SFAI needed to reconsider its commitment to writing at many different
levels: it needed a vision of writing’s value for a visually
inspired education; it needed to establish consensus among members
of the writing faculty about the content of their courses; it needed
standards of measurement for student preparation; and it needed
procedures whereby student ability could be assessed and addressed
by the curriculum. SFAI now have all of these. Evidence of the difference
this new program has made is visible not only in student writing
but surprisingly also in the work that has come out of the studios.
In
order to analyze and reflect upon these innovations at SFAI, Dr.
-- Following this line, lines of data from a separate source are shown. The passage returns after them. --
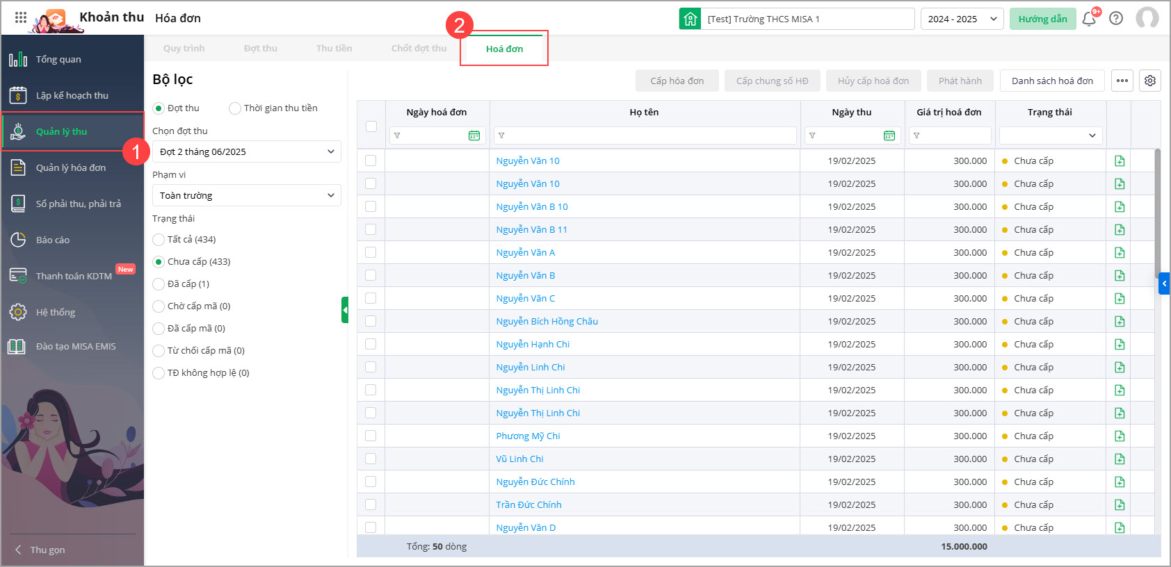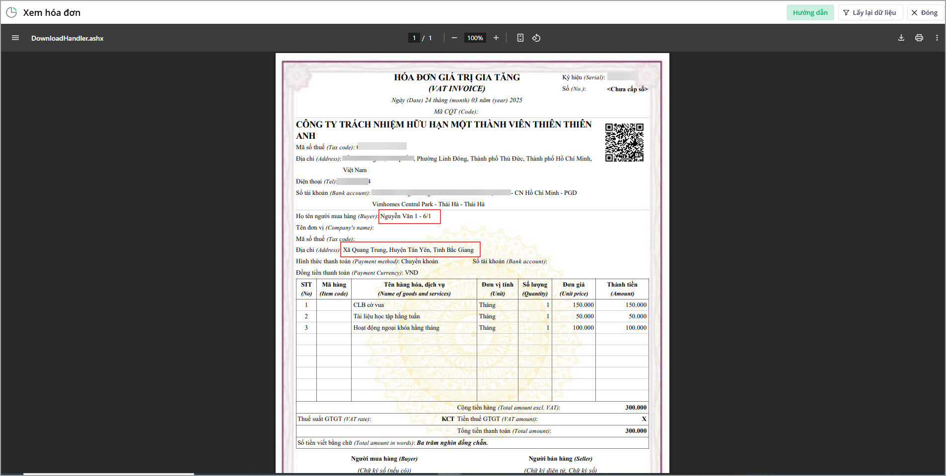 Việc này sẽ giúp đảm bảo dữ liệu đầy đủ khi lấy lên Cục Thuế, bao gồm cả tên và lớp của học sinh.
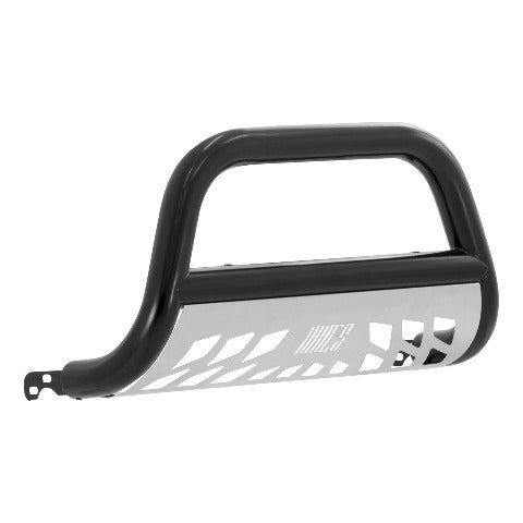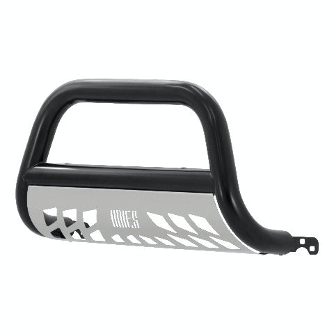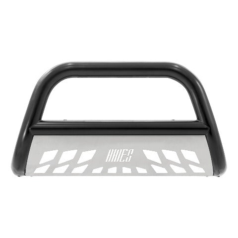 The ARIES 3" bull bar is made for those who face the uncertain road without fear. This particular model is constructed from strong carbon steel and finished in a durable E-coat and semi-gloss black powder coat finish to outlast rust and the elements. Other available finishes include high-gloss black stainless steel, polished stainless steel and textured black steel. Customizing the look of your vehicle is simple with the ARIES 3" bull bar. It is equipped with pre-drilled light mounting holes and a removable skid plate. The center crossbar features two pre-drilled holes that readily accept an LED light bar or two LED work lights. The skid plate is made from 304 stainless steel and has a brushed finish to stop rust and hide scratches and scuffs. It also features an aggressive, ARIES-exclusive cutout pattern and can be removed for a customized look. Each ARIES 3" bull bar is made a vehicle-specific design, meaning that for each make and model, the bull bar has a custom bend and unique mounting brackets. This allows for the best possible fit on your vehicle and ensures solid attachment. The brackets also use pre-existing factory holes in the vehicle's frame to eliminate drilling, speed up installation and increase rigidity. This bull bar fits select model years of the Honda Pilot and Honda Ridgeline (see application info to verify fitment).
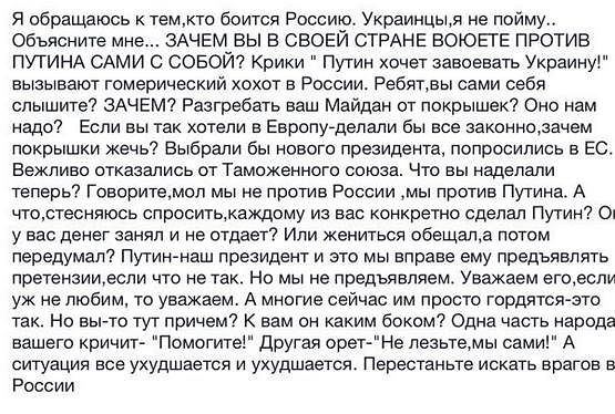 ![]() Источник вконтакте Да вконтактные дебилы ни строчки не написали за всю историю социалки!Источник http://news-front.info Новости лугандона. Прпагандонский сайт. Кстати локация Москва. А еще такой же текст у кремлебота в ЖЖ. Ну оно и правильно. Не кого там "защищать", а быть пушечным мясом глупо. Тем более сейчас. |
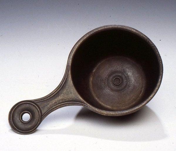 The base of this Roman trulla or saucepan has four concentric rings and the handle, bordered by a cable-moulding, terminates in a circular expansion with raised cable moulding around a central perforation. The handle of the trulla bears three inscriptions recording the names of the bronzesmith (albeit abbreviated), of the cohort, of the centurion, and of the individual owner.
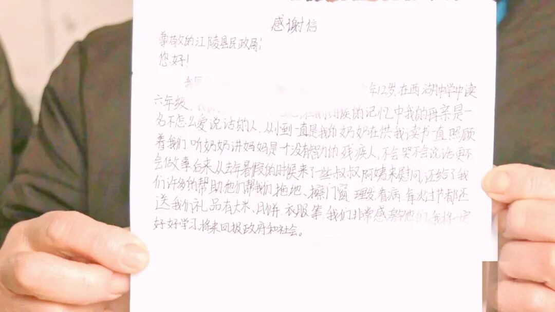 △胡静受助人家属雷正香告诉我们,服务人员十分关心老人,每隔3-5天就会来探望一次。她的孙女还为服务人员写了一封感谢信。
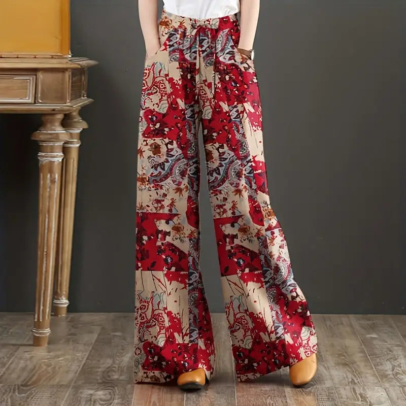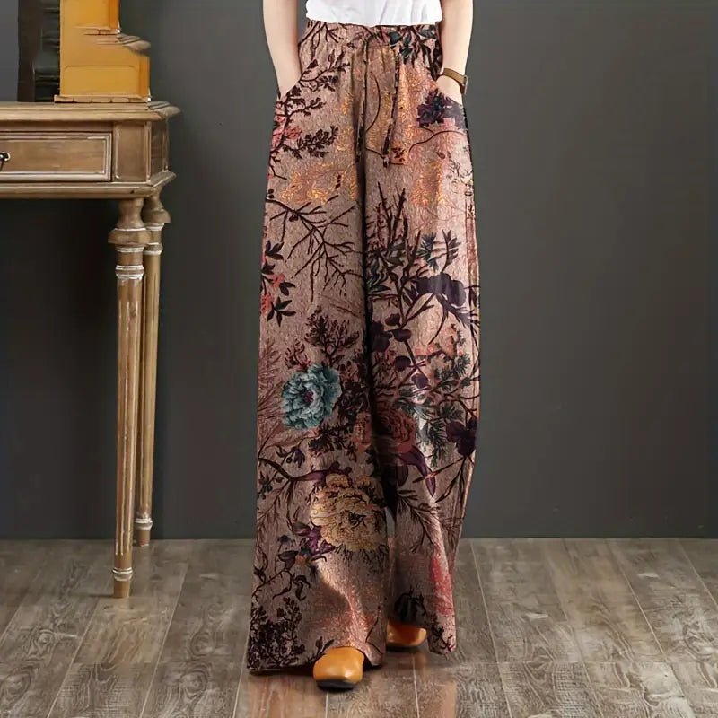 Pantalones anchos de algodón con estampado floral para mujer, cintura elástica, cordón ajustable, largos, para todas las estaciones, casual
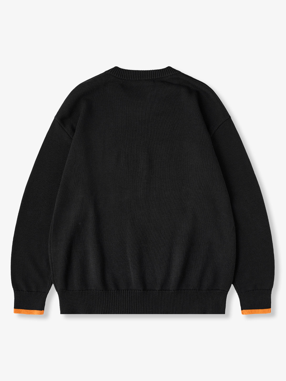 [Pre-order] Jacquard Knit Sweater with Cat Face Pocket and Orange Cuffs

Greenblatt developed research protocols, wrote, and delivered the
paper “Critique As an Effective Form of Learning” with
Susan Martin at the annual conference of WASC. WASC is the major
federal body for the accreditation of schools, colleges, and universities
in the western states. The research for the essay traced the artistic
development of six SFAI students in parallel with their growing
capacity for critical thinking in written form. Historical and conceptual
in its scope, the study followed these students over the entire
course of their education at the San Francisco Art Institute. The
essay will form the basis of SFAI’s self-study for WASC accreditation
in 2003.
The
integrated conception of critical thinking and studio education
has been so compelling to SFAI students that it formed the core
of the Interdisciplinary Major, which is one of the Institute’s
most popular courses of study. The major is articulated by a series
of “seminars” in which studio work is combined with
focused, thematic research. Greenblatt taught the Critical Theory
seminar in this program. The course examined artists for whom the
act of critical writing is central to their visual work. Likewise,
students were responsible in equal parts for writing and for studio
work and especially for understanding the points of transaction
between them.
When
standards for writing and critical thinking rose at the Art Institute,
it became clear that these rising standards incited a certain anxiety
among segments of the Institute’s population. The cultural
transformation brought about by these institutional changes made
it necessary to address the individual student and his or her particular
ways of learning. In concert with Art Institute staff and consulting
professionals, Dr. Greenblatt formed the Center for Individual Learning,
a program developed especially for visually inclined students who
want to improve their academic performance. The Center offers a
network of services through which students develop individual learning
plans, often in combination. For some students, that may be a plan
to address learning disabilities such as dyslexia or attention deficit
disorder; for others, that may be an opportunity to address learned
aversions to language; for others, that may be one-on-one peer tutoring;
and for others, it may be a chance to do some psychological work.
Dr.
Greenblatt has been on the faculty of the San Francisco Art Institute,
the University of California Davis, and the University of California
San Francisco Mt. Zion Hospital. At these institutions, she taught
in the departments of Art History and Art, Critical Theory, Film
Studies, Women’s Studies, and Psychiatry. She earned the doctorate
of philosophy in History of Consciousness at the University of California
Santa Cruz and wrote the dissertation on the history and theory
of psychoanalysis as an instance of modernist aesthetics. Dr. Greenblatt
has lectured widely on a variety of subjects in contemporary art,
visual culture, critical theory, popular culture and mass media,
film studies, literary history, psychoanalysis and its relation
to cultural politics in venues as varied as the Whitney Museum of
American Art in New York, the School of the Art Institute of Chicago,
the College Art Association, Grand Rounds at the University of California
San Francisco Medical School, and various colleges and universities
in North America as well as galleries and museums. Many of these
lectures, since transformed into essays and articles, have been
published in scholarly journals and arts and culture magazines.